EXERCISE AIM
Going line by line through the records below, write out everything starting with the line containing "商品名称:【圣旨】圆形橡胶鼠标垫 天然橡胶细布面材质图案清晰 质感柔软光滑平整" and going on through the line containing "随后,两地学生同上由皇冠体育", exactly and inclusively. Pictures do not go in.

DATA FOR THIS TASK
§ §
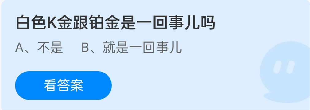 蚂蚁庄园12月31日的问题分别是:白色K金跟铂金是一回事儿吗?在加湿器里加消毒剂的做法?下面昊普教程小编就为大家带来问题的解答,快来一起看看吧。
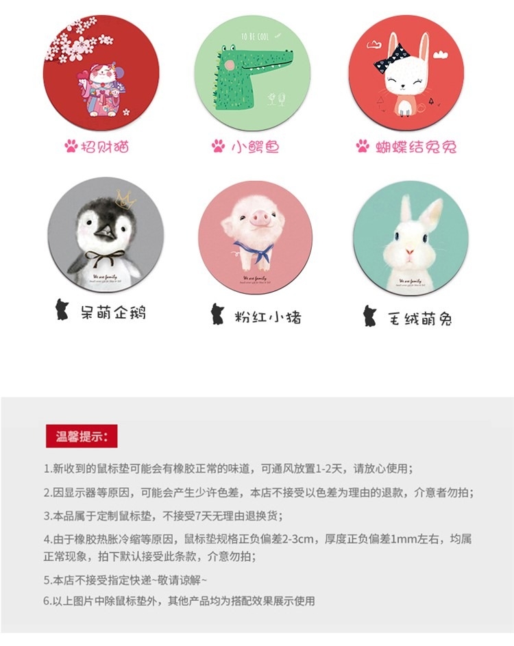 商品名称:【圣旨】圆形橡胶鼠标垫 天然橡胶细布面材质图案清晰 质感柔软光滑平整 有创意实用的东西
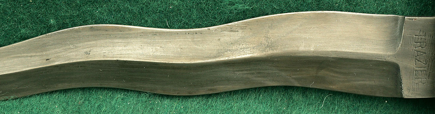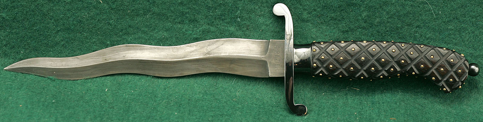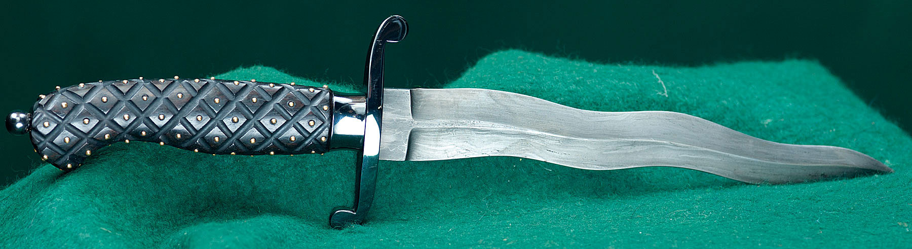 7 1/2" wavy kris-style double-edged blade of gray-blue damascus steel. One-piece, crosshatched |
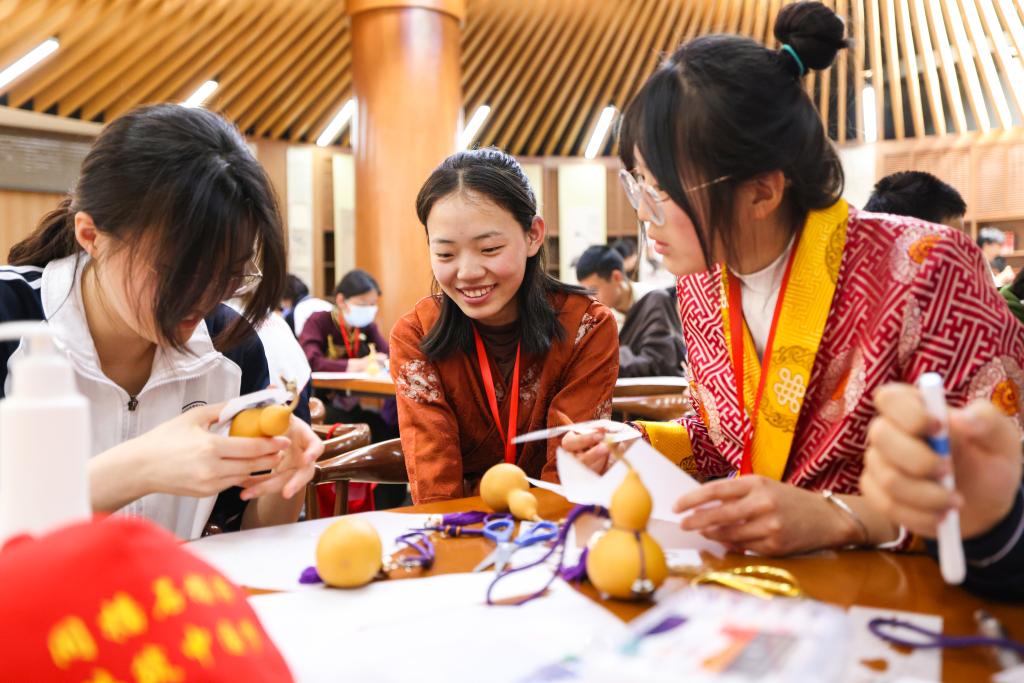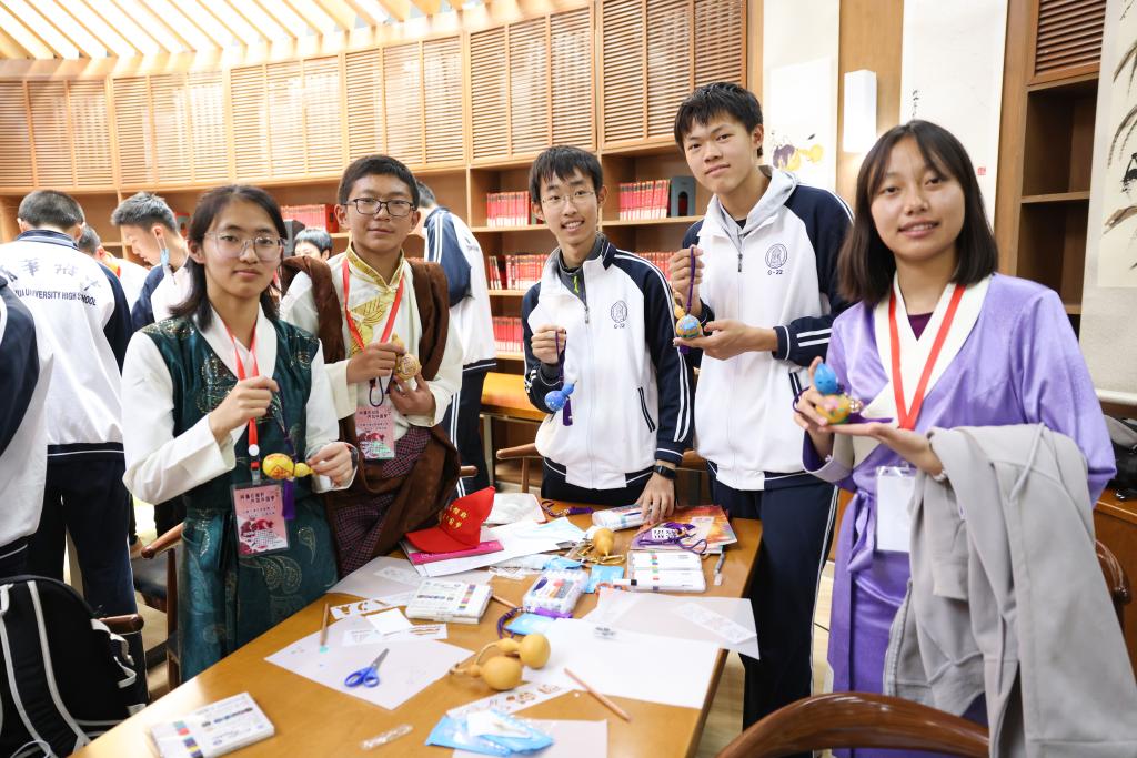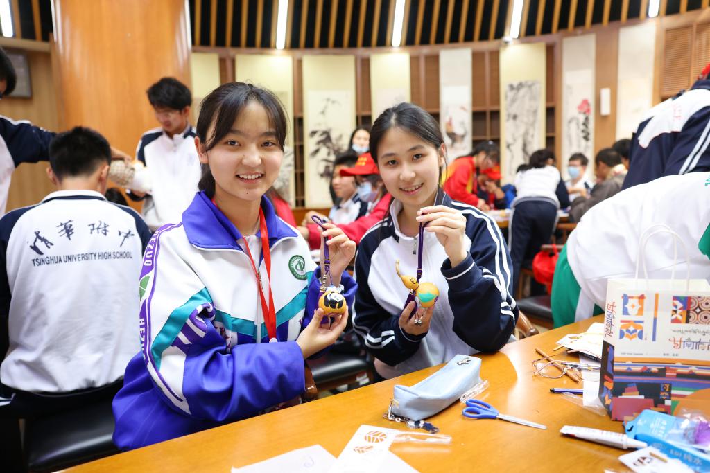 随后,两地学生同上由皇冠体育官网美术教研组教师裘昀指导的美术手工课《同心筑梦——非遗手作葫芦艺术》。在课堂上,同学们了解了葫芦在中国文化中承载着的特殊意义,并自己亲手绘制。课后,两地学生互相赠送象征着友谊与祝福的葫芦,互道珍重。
§ §
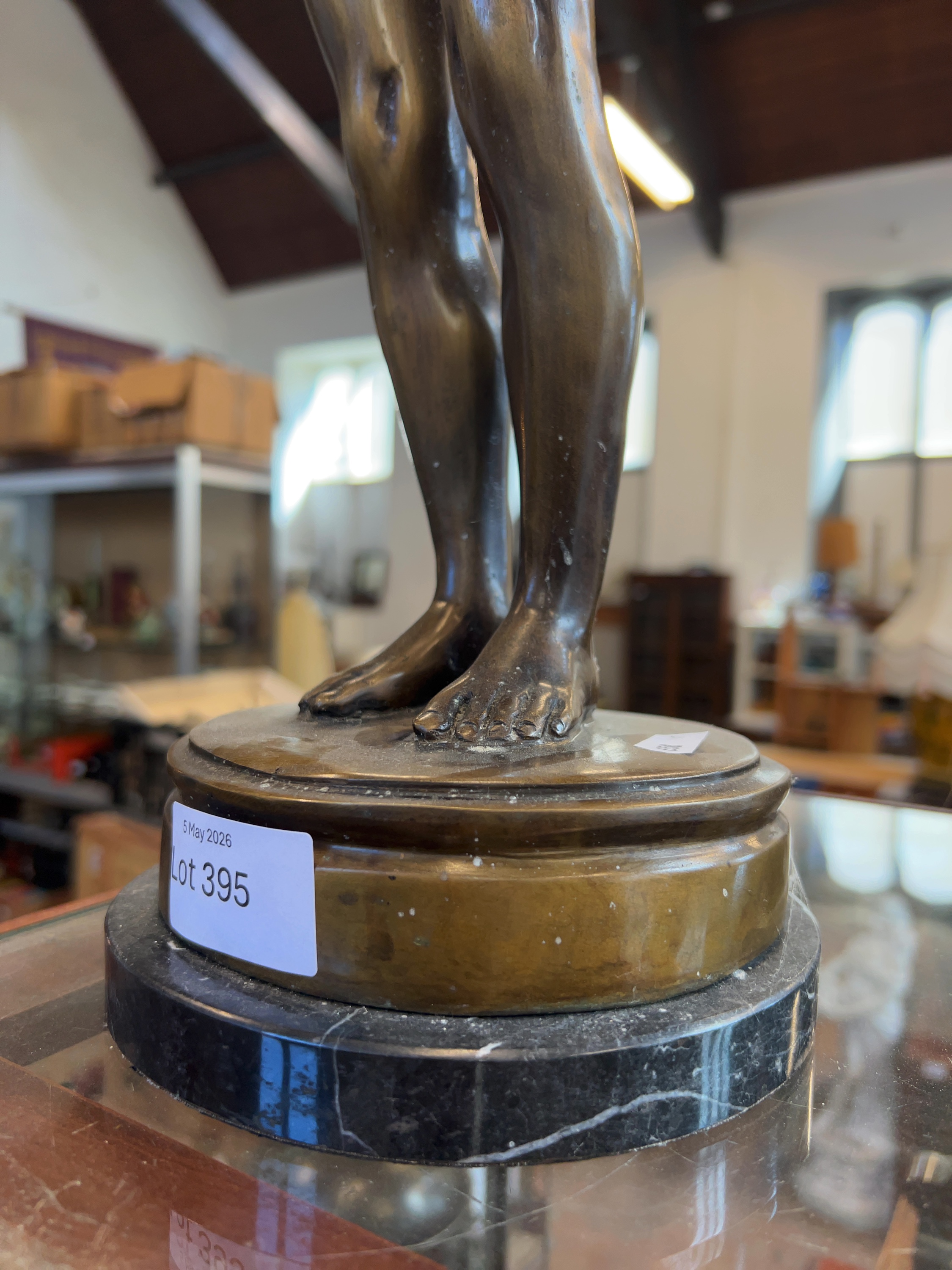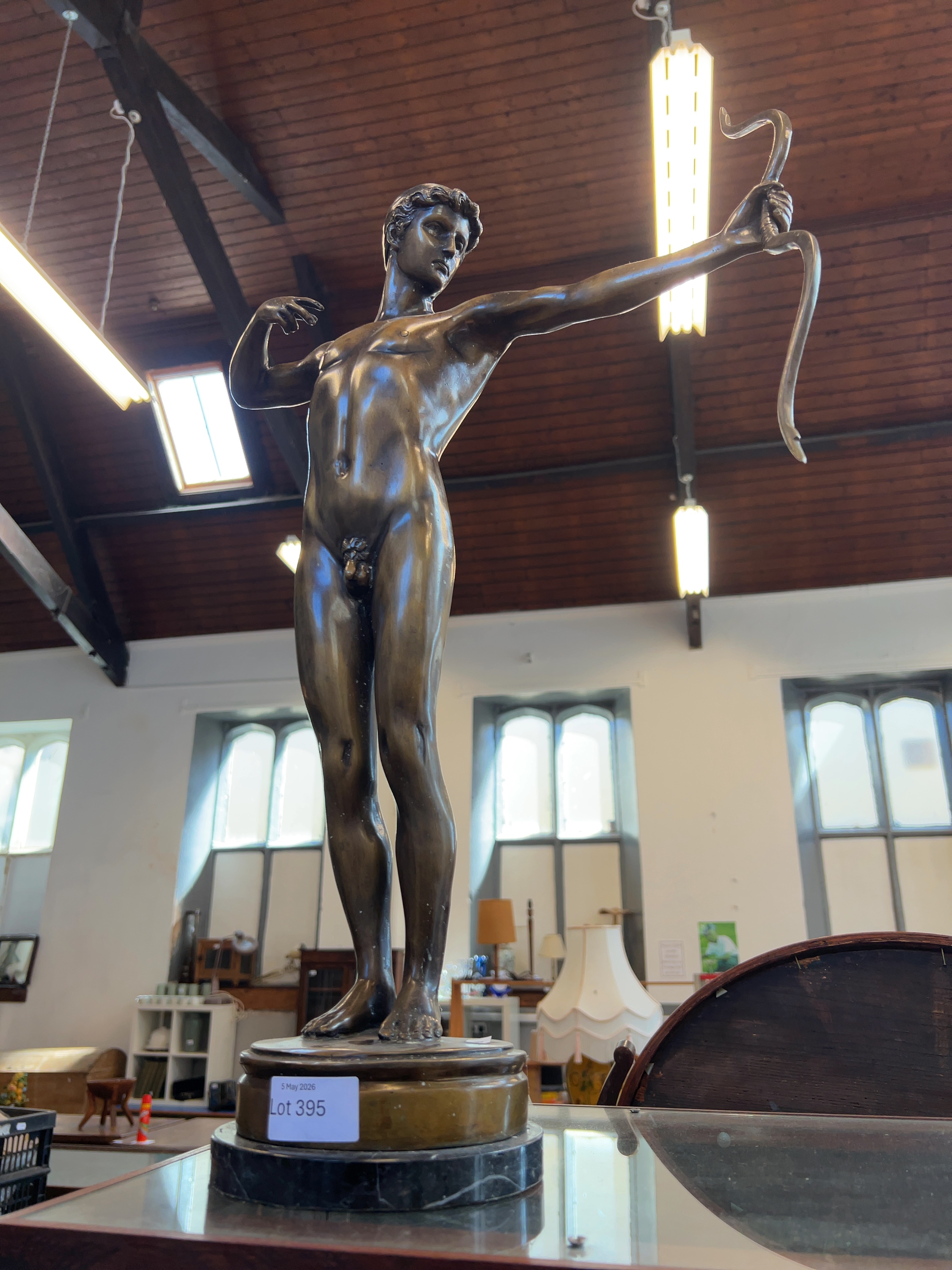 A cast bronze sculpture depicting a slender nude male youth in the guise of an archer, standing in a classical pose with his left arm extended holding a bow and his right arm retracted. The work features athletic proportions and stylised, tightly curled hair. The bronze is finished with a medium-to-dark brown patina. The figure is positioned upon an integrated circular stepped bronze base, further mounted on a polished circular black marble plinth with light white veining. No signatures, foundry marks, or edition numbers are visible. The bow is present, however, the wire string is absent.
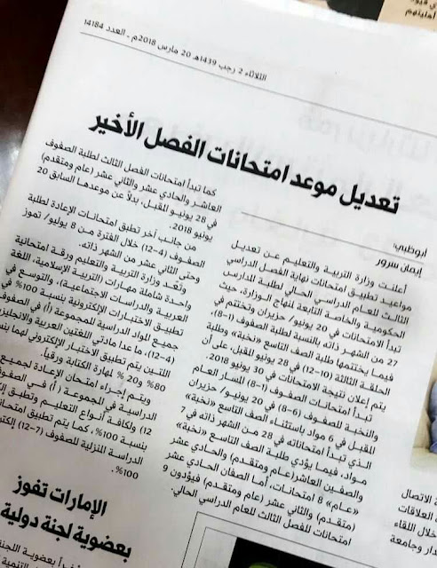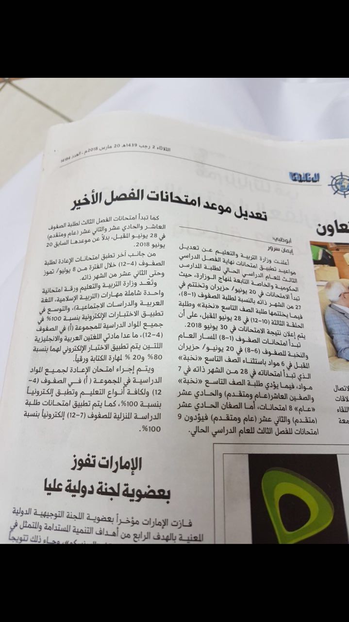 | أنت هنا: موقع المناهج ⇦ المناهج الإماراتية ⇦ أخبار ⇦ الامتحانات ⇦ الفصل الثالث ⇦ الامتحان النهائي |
§ §
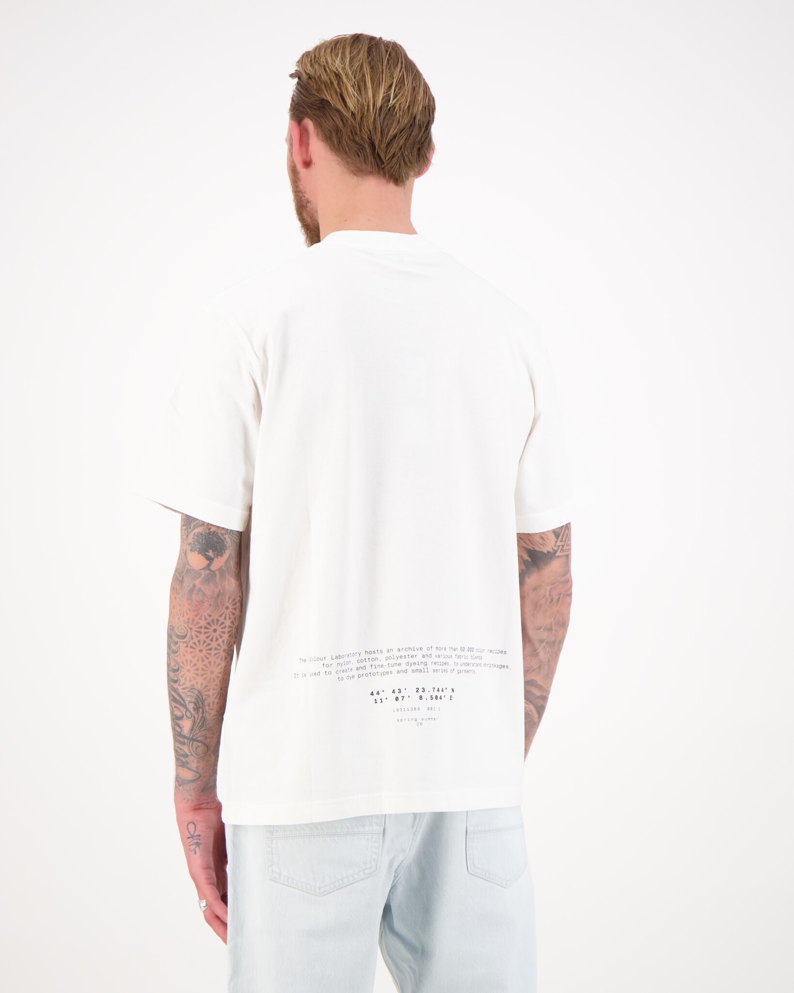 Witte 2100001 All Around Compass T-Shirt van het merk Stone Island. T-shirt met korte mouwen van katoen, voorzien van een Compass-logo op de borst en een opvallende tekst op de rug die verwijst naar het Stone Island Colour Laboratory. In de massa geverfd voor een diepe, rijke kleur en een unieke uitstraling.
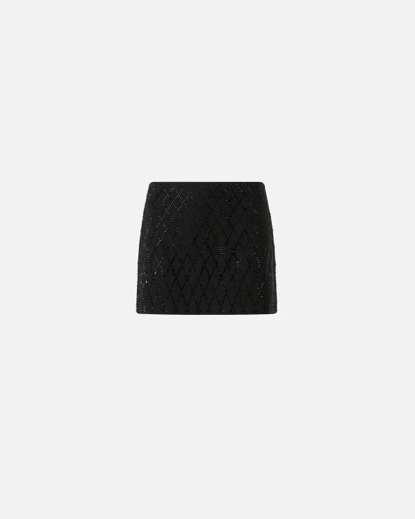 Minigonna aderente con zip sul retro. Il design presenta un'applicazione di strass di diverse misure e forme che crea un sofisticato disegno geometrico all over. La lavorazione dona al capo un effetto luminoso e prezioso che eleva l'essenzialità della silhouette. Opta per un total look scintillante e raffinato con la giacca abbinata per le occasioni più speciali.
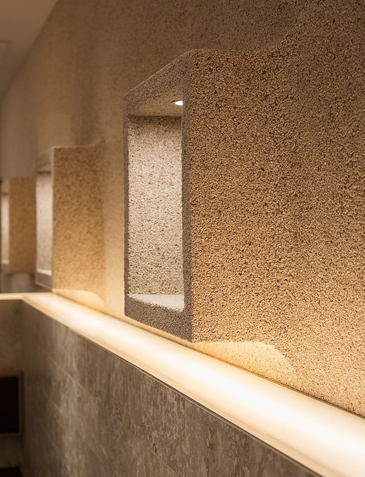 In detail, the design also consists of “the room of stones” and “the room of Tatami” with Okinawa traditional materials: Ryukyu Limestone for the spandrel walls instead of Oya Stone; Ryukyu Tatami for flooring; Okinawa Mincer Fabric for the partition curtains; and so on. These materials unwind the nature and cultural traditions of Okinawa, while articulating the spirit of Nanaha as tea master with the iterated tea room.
§ §
ANSWER SECTION
 商品名称:【圣旨】圆形橡胶鼠标垫 天然橡胶细布面材质图案清晰 质感柔软光滑平整 有创意实用的东西
 7 1/2" wavy kris-style double-edged blade of gray-blue damascus steel. One-piece, crosshatched |
 随后,两地学生同上由皇冠体育官网美术教研组教师裘昀指导的美术手工课《同心筑梦——非遗手作葫芦艺术》。在课堂上,同学们了解了葫芦在中国文化中承载着的特殊意义,并自己亲手绘制。课后,两地学生互相赠送象征着友谊与祝福的葫芦,互道珍重。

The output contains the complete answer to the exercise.